◆ GIVEN MATERIAL
* * * * *

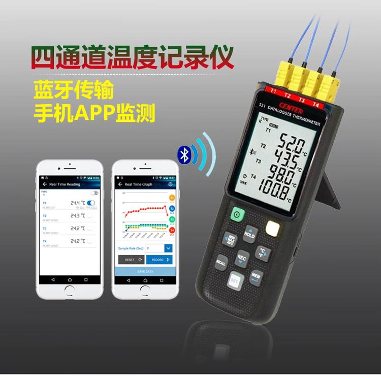 台湾群特CENTER-520/521四通道热电偶温度计蓝牙温度记录测试仪 品牌 | 台湾群特CENTER | ||
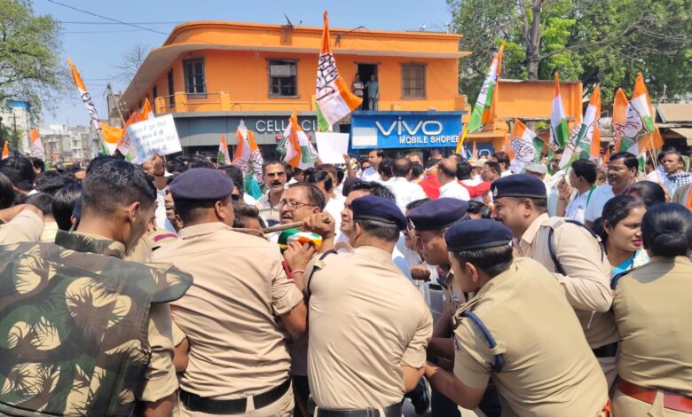 नशे के खिलाफ कांग्रेस का हल्ला बोल,भाजपा कार्यालय घेराव में उमड़ा जनसैलाब, ———————————————-बैरिकेडिंग तोड़ने की कोशिश करते कांग्रेस कार्यकर्ता और पुलिस के बीच झड़प
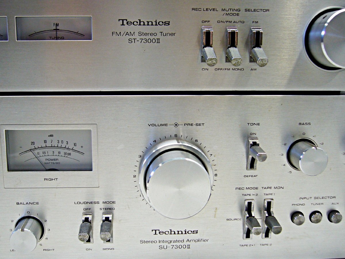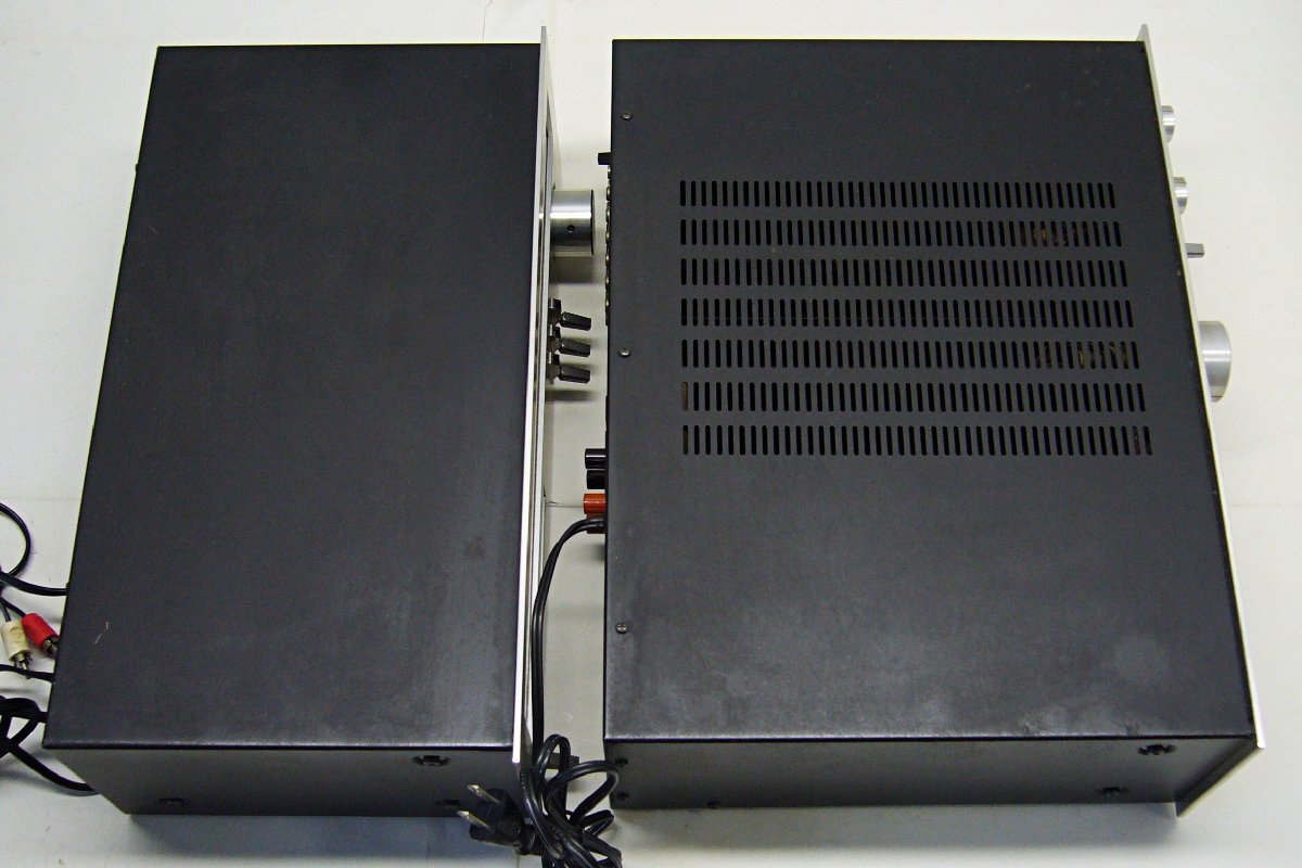Technics SU-7300Ⅱ プリメインアンプ ST-7300Ⅱ チューナー 2点セット ★ ジャンク品 (返品・返金・修理はお受けできません) SU-7300Ⅱ プリメインアンプ : AUX入力とスピーカー端子にテスト用機器を繋ぎ出音を確認しました。 初めは右から出音ありませんでしたが、作業中に左右とも出音しました。 TONEレバーにガリあります。 すべての動作は確認していません。 ST-7300Ⅱ FM/AMチューナー : 通電確認のみになります。 外観は汚れ・キズ・サビ等があります。 付属品はありません。 短時間の簡易的なチェックのみとなりますので、あらかじめご了承ください。 専門外のため、細かい不具合には気づかない場合があります。 画像をよくご確認の上、ご入札をお願いいたします。 |
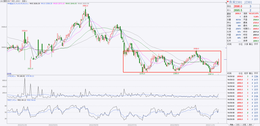 2、焦炭从10月11日到11月2日的下跌可以看成是一浪,11月2日到今天可以看成是反弹2浪,今天的阳线说明反弹2浪没有走完,这个形态是要宽幅震荡了,不等三浪了,现在没有操作想法,只观望。

* * * * *

◆ REQUIREMENT
Write the data above out again exactly, every line of it, and exclude the pictures.

◆ RESULT BELOW
 台湾群特CENTER-520/521四通道热电偶温度计蓝牙温度记录测试仪 品牌 | 台湾群特CENTER | ||
 नशे के खिलाफ कांग्रेस का हल्ला बोल,भाजपा कार्यालय घेराव में उमड़ा जनसैलाब, ———————————————-बैरिकेडिंग तोड़ने की कोशिश करते कांग्रेस कार्यकर्ता और पुलिस के बीच झड़प
Technics SU-7300Ⅱ プリメインアンプ ST-7300Ⅱ チューナー 2点セット ★ ジャンク品 (返品・返金・修理はお受けできません) SU-7300Ⅱ プリメインアンプ : AUX入力とスピーカー端子にテスト用機器を繋ぎ出音を確認しました。 初めは右から出音ありませんでしたが、作業中に左右とも出音しました。 TONEレバーにガリあります。 すべての動作は確認していません。 ST-7300Ⅱ FM/AMチューナー : 通電確認のみになります。 外観は汚れ・キズ・サビ等があります。 付属品はありません。 短時間の簡易的なチェックのみとなりますので、あらかじめご了承ください。 専門外のため、細かい不具合には気づかない場合があります。 画像をよくご確認の上、ご入札をお願いいたします。 |
 2、焦炭从10月11日到11月2日的下跌可以看成是一浪,11月2日到今天可以看成是反弹2浪,今天的阳线说明反弹2浪没有走完,这个形态是要宽幅震荡了,不等三浪了,现在没有操作想法,只观望。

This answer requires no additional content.